**What you are asked to do**
Produce a faithful copy of the data, one that leaves out the pictures.

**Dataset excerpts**

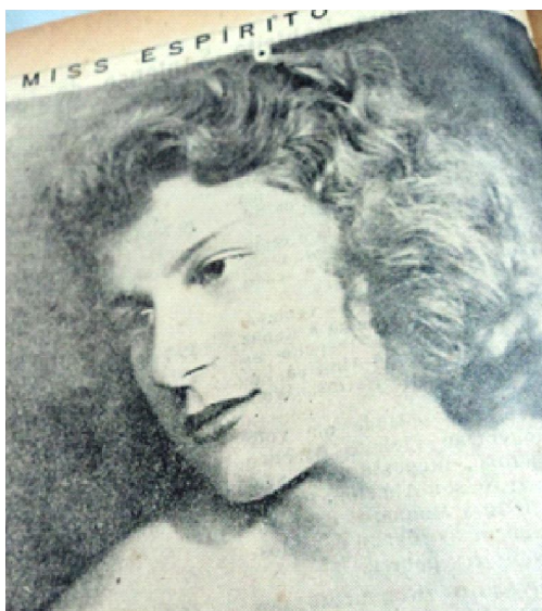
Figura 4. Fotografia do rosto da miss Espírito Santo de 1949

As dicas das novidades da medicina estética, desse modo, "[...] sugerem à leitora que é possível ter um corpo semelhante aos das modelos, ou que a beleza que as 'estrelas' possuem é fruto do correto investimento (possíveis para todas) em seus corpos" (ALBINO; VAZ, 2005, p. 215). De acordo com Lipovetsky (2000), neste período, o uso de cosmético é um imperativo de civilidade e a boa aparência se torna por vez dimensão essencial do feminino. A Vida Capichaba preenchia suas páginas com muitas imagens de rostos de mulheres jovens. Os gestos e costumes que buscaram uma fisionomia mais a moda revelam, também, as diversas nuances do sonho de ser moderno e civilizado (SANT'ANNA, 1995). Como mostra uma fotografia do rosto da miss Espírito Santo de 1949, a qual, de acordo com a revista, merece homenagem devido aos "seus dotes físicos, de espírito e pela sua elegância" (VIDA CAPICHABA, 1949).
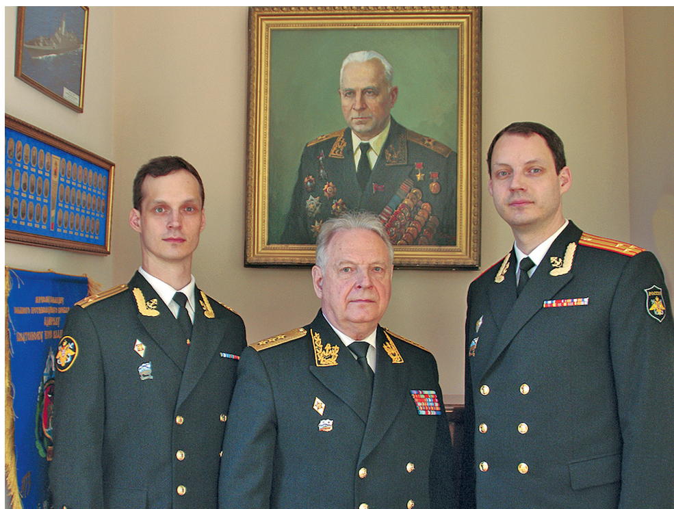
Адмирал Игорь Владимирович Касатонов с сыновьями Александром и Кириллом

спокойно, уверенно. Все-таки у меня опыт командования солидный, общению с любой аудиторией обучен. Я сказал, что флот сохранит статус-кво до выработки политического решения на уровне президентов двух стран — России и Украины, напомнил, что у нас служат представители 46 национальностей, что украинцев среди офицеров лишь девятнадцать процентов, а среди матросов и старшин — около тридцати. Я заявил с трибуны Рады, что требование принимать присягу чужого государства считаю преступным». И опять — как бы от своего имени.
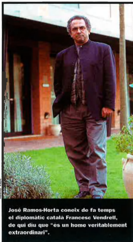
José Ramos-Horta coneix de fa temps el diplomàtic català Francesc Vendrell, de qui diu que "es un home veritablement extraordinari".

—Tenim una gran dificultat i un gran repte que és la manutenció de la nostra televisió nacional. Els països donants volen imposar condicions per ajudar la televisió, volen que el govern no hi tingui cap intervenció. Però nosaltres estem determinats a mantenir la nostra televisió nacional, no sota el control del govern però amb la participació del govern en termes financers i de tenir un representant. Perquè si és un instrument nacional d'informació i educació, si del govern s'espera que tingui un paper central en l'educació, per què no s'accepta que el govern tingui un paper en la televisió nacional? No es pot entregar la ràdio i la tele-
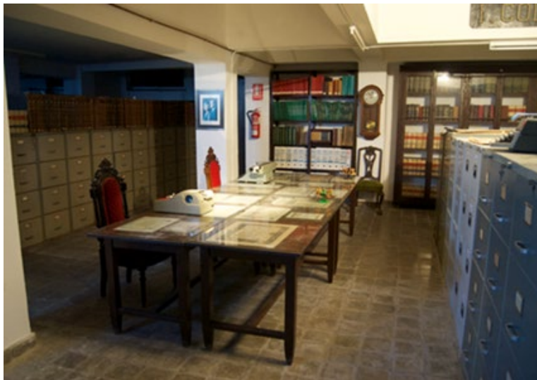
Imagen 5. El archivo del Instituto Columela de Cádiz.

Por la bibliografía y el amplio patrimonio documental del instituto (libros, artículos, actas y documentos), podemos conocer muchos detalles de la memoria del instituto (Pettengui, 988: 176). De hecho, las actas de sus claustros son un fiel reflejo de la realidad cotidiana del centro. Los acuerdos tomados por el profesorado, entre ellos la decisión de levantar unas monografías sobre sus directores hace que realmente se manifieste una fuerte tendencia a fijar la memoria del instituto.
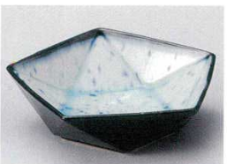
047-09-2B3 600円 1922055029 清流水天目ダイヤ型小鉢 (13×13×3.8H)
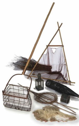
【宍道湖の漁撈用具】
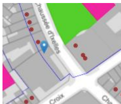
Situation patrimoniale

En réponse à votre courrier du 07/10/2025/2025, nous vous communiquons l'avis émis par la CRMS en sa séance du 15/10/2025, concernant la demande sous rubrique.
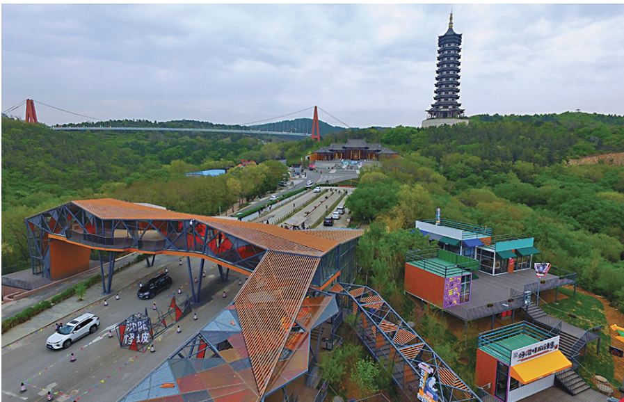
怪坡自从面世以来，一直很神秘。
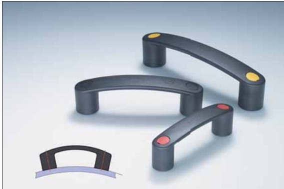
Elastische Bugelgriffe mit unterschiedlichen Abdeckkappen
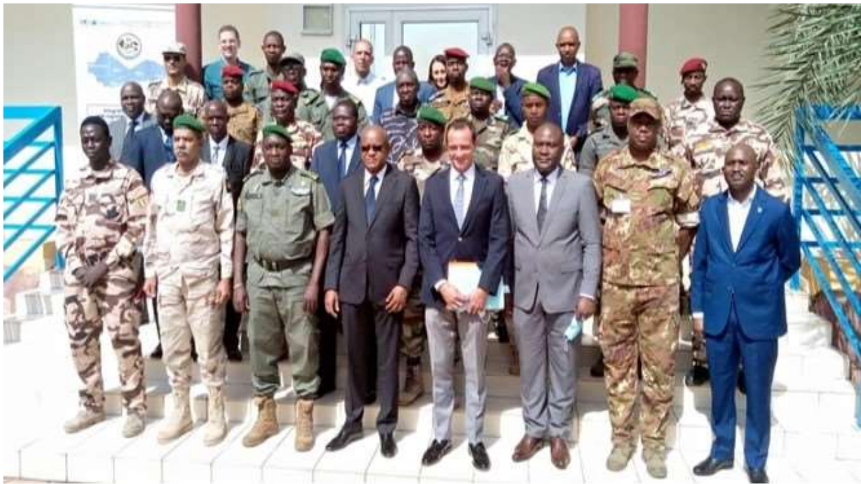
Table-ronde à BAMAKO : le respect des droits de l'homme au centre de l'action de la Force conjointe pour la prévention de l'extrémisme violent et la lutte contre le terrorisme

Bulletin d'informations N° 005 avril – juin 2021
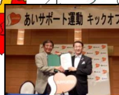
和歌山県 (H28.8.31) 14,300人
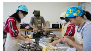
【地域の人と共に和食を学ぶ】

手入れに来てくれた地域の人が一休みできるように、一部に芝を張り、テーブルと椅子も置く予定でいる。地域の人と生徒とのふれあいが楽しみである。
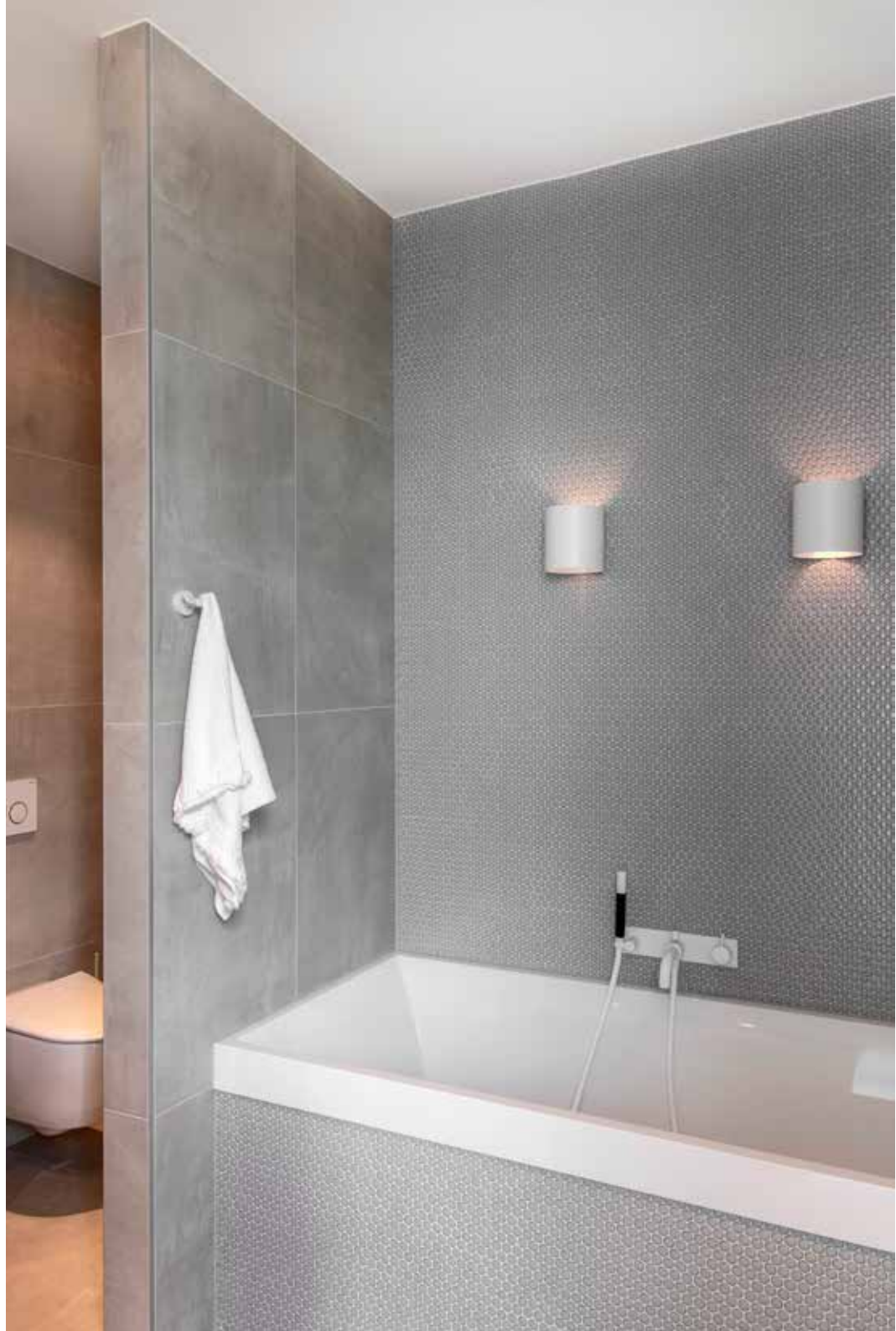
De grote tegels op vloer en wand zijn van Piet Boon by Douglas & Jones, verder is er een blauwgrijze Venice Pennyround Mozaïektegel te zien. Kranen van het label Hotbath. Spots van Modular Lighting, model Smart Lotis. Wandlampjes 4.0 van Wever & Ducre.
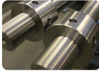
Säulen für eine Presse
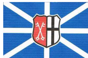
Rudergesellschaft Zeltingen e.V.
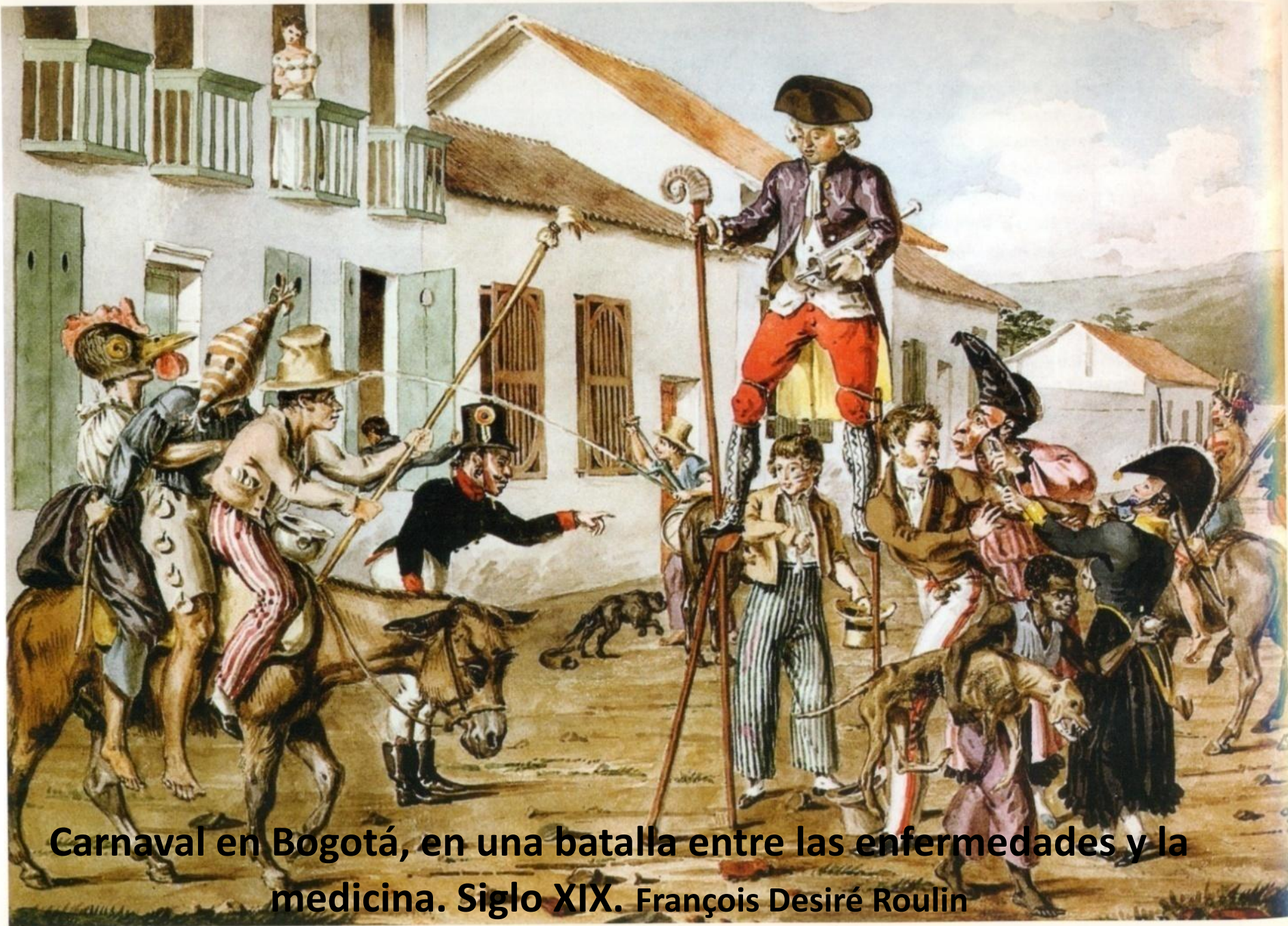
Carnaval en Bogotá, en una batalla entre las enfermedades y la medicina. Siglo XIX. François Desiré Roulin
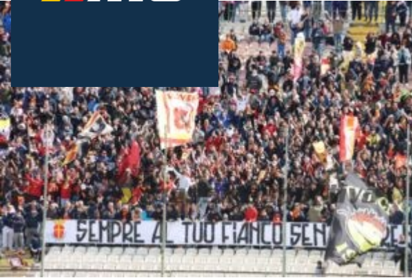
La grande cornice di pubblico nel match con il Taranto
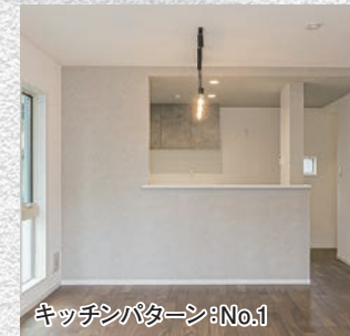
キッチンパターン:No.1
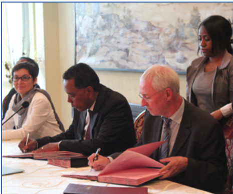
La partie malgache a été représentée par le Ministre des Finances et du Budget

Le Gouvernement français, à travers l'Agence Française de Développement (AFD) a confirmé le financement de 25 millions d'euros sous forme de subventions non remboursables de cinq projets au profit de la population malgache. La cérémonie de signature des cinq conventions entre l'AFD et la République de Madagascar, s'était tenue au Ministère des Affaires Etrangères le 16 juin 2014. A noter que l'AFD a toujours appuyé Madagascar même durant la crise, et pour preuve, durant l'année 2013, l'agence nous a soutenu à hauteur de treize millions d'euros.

**Solution for this problem**
Figura 4. Fotografia do rosto da miss Espírito Santo de 1949

As dicas das novidades da medicina estética, desse modo, "[...] sugerem à leitora que é possível ter um corpo semelhante aos das modelos, ou que a beleza que as 'estrelas' possuem é fruto do correto investimento (possíveis para todas) em seus corpos" (ALBINO; VAZ, 2005, p. 215). De acordo com Lipovetsky (2000), neste período, o uso de cosmético é um imperativo de civilidade e a boa aparência se torna por vez dimensão essencial do feminino. A Vida Capichaba preenchia suas páginas com muitas imagens de rostos de mulheres jovens. Os gestos e costumes que buscaram uma fisionomia mais a moda revelam, também, as diversas nuances do sonho de ser moderno e civilizado (SANT'ANNA, 1995). Como mostra uma fotografia do rosto da miss Espírito Santo de 1949, a qual, de acordo com a revista, merece homenagem devido aos "seus dotes físicos, de espírito e pela sua elegância" (VIDA CAPICHABA, 1949).
Адмирал Игорь Владимирович Касатонов с сыновьями Александром и Кириллом

спокойно, уверенно. Все-таки у меня опыт командования солидный, общению с любой аудиторией обучен. Я сказал, что флот сохранит статус-кво до выработки политического решения на уровне президентов двух стран — России и Украины, напомнил, что у нас служат представители 46 национальностей, что украинцев среди офицеров лишь девятнадцать процентов, а среди матросов и старшин — около тридцати. Я заявил с трибуны Рады, что требование принимать присягу чужого государства считаю преступным». И опять — как бы от своего имени.
José Ramos-Horta coneix de fa temps el diplomàtic català Francesc Vendrell, de qui diu que "es un home veritablement extraordinari".

—Tenim una gran dificultat i un gran repte que és la manutenció de la nostra televisió nacional. Els països donants volen imposar condicions per ajudar la televisió, volen que el govern no hi tingui cap intervenció. Però nosaltres estem determinats a mantenir la nostra televisió nacional, no sota el control del govern però amb la participació del govern en termes financers i de tenir un representant. Perquè si és un instrument nacional d'informació i educació, si del govern s'espera que tingui un paper central en l'educació, per què no s'accepta que el govern tingui un paper en la televisió nacional? No es pot entregar la ràdio i la tele-
Imagen 5. El archivo del Instituto Columela de Cádiz.

Por la bibliografía y el amplio patrimonio documental del instituto (libros, artículos, actas y documentos), podemos conocer muchos detalles de la memoria del instituto (Pettengui, 988: 176). De hecho, las actas de sus claustros son un fiel reflejo de la realidad cotidiana del centro. Los acuerdos tomados por el profesorado, entre ellos la decisión de levantar unas monografías sobre sus directores hace que realmente se manifieste una fuerte tendencia a fijar la memoria del instituto.
047-09-2B3 600円 1922055029 清流水天目ダイヤ型小鉢 (13×13×3.8H)
【宍道湖の漁撈用具】
Situation patrimoniale

En réponse à votre courrier du 07/10/2025/2025, nous vous communiquons l'avis émis par la CRMS en sa séance du 15/10/2025, concernant la demande sous rubrique.
怪坡自从面世以来，一直很神秘。
Elastische Bugelgriffe mit unterschiedlichen Abdeckkappen
Table-ronde à BAMAKO : le respect des droits de l'homme au centre de l'action de la Force conjointe pour la prévention de l'extrémisme violent et la lutte contre le terrorisme

Bulletin d'informations N° 005 avril – juin 2021
和歌山県 (H28.8.31) 14,300人
【地域の人と共に和食を学ぶ】

手入れに来てくれた地域の人が一休みできるように、一部に芝を張り、テーブルと椅子も置く予定でいる。地域の人と生徒とのふれあいが楽しみである。
De grote tegels op vloer en wand zijn van Piet Boon by Douglas & Jones, verder is er een blauwgrijze Venice Pennyround Mozaïektegel te zien. Kranen van het label Hotbath. Spots van Modular Lighting, model Smart Lotis. Wandlampjes 4.0 van Wever & Ducre.
Säulen für eine Presse
Rudergesellschaft Zeltingen e.V.
Carnaval en Bogotá, en una batalla entre las enfermedades y la medicina. Siglo XIX. François Desiré Roulin
La grande cornice di pubblico nel match con il Taranto
キッチンパターン:No.1
La partie malgache a été représentée par le Ministre des Finances et du Budget

Le Gouvernement français, à travers l'Agence Française de Développement (AFD) a confirmé le financement de 25 millions d'euros sous forme de subventions non remboursables de cinq projets au profit de la population malgache. La cérémonie de signature des cinq conventions entre l'AFD et la République de Madagascar, s'était tenue au Ministère des Affaires Etrangères le 16 juin 2014. A noter que l'AFD a toujours appuyé Madagascar même durant la crise, et pour preuve, durant l'année 2013, l'agence nous a soutenu à hauteur de treize millions d'euros.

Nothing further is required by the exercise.